Думается мне, нужно дожить до моего возраста, чтобы оценить подобный лацкан. Такое впечатление, что дети, вообще молодежь – со всей их гиперчувствительностью по отношению к еде и прочим подобным вещам – не замечают как раз те подробности, что имеют значение. Дети не обращают внимания на мелкие детали.

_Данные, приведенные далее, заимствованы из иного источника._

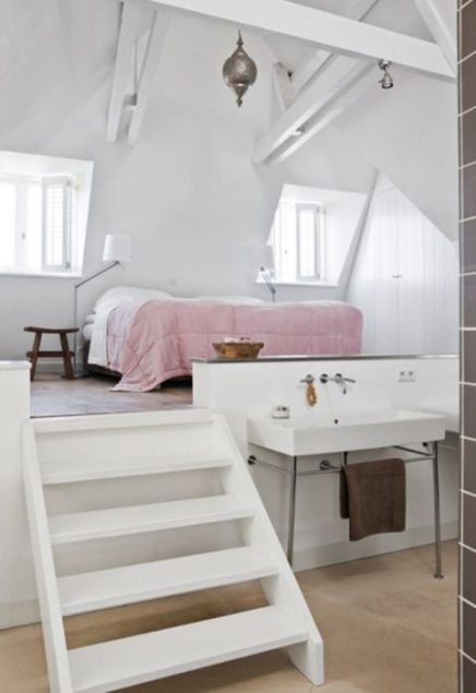 A következő blog poszt fotói azt mutatják be, hogyan érhetünk el játékos és érdekes térhatást a lakásban szinteltolás segítségével. Klasszikus megjelenési pontja a szinteltolásnak a nappali-konyha, a fürdőszoba-hálószoba vagy a nappali-dolgozószoba együttese. Könnyen és ötletesen is elkülöníthetjük a különböző funkciókat a térben egy épített dobogó segítségével, de kialakíthatunk a szintkülönbséget áthidaló lépcsőkből beépített könyves szekrényt, tárolót is. Érdemes játszani a terekkel!

На зажженную в уголке свечу, которая сразу же меняет настроение в комнате. На подходящий или неподходящий стул, украшающий или обезображивающий интерьер. И напротив – насколько же тонко настроен аппарат чувственного восприятия в моем возрасте. Меня никогда не укачивает в машинах, я могу есть заплесневелый сыр и рыбу с душком. Я могу спокойно жевать жилы и волоконца, не ощущая позывов к рвоте; в детстве я этого не мог. В каше может быть сколько угодно комков. Могу хлестать водку, не ведя бровью. Для ребенка это невозможно. Но если приоткроется дверь и я почувствую малейший сквозняк у своих ног, тончайшую струйку холода, вот на это я отреагирую. И сильно отреагирую. Это где же не закрыта дверь, задумаюсь я тогда. Ребенком я мог часами болтаться по улицам в промокшей обуви и даже не замечать этого. Когда я дома разувался, шерстяные носки оказывались такими мокрыми, что от меня несло овчиной. У меня обламывались ногти, но я замечал это, только когда было уже слишком поздно. В девятилетнем возрасте я бы и не заметил мастерски обработанного лацкана на пиджаке Блеза Энгельберта. Лацкан остался бы для меня незримым. Теперь же этот лацкан единственное, что я вижу. Непревзойденный лацкан, нет, никогда подобных не видал.
Дама-детка вспархивает из-за мраморного столика, словно все было схореографировано, и вслед за Блезом следует к столику 10, это мой столик. Вот теперь выдвинуть для нее стул будет уместно. Дама-детка протягивает Блезу руку, Блез галантно принимает ее. Я берусь за спинку стула, на который, по моим представлениям, сядет Дама-детка, и отодвигаю его, другой рукой «указывая», куда ей можно/должно/следует/положено/рекомендуется сесть: сюда, на выдвинутый мною стул.
– Спасибо вам, – говорит она.
– Не за что, – говорю я.
Она пристраивает подколенные впадинки перед сиденьем стула, а переднюю поверхность бёдер приближает к кромке столика и ждет, чтобы я задвинул стул. Я ощущаю легкое благоухание мускуса. Ведь это мускус? Она ожидает, что сиденье стула вот-вот коснется подколенных ямок, и это послужит ей знаком, что можно напрячь мышцы бедра, переднюю группу, так называемую четырехглавую мышцу – разгибатель коленного сустава, самую крупную мышцу тела, а затем согнуть колени, чтобы опуститься на сиденье стула, что наверняка потребует слаженной работы передней и медиальной групп мышц бедра, заключающейся в их попеременном напряжении, сопровождающемся сведением мышц задней группы, так что на какое-то мгновение она застынет в неявном полуприседе, при напряженной до предела большой ягодичной мышце, ожидая, что я полностью задвину под нее стул, что я и делаю, чтобы она могла без опаски усесться на сиденье.
– Вот так, – говорит она.
Я вижу тысячу возможных вариантов того, чем я мог бы парировать это «вот так», но удерживаюсь, чтобы не произнести вуаля, ну вот, отлично, прекрасно или еще что-нибудь идиотское. Сам себя удерживаю за шкирку. Я несколько раз вдыхаю и выдыхаю через нос, в усы. И благоразумно помалкиваю. Профессионально и благоразумно помалкиваю.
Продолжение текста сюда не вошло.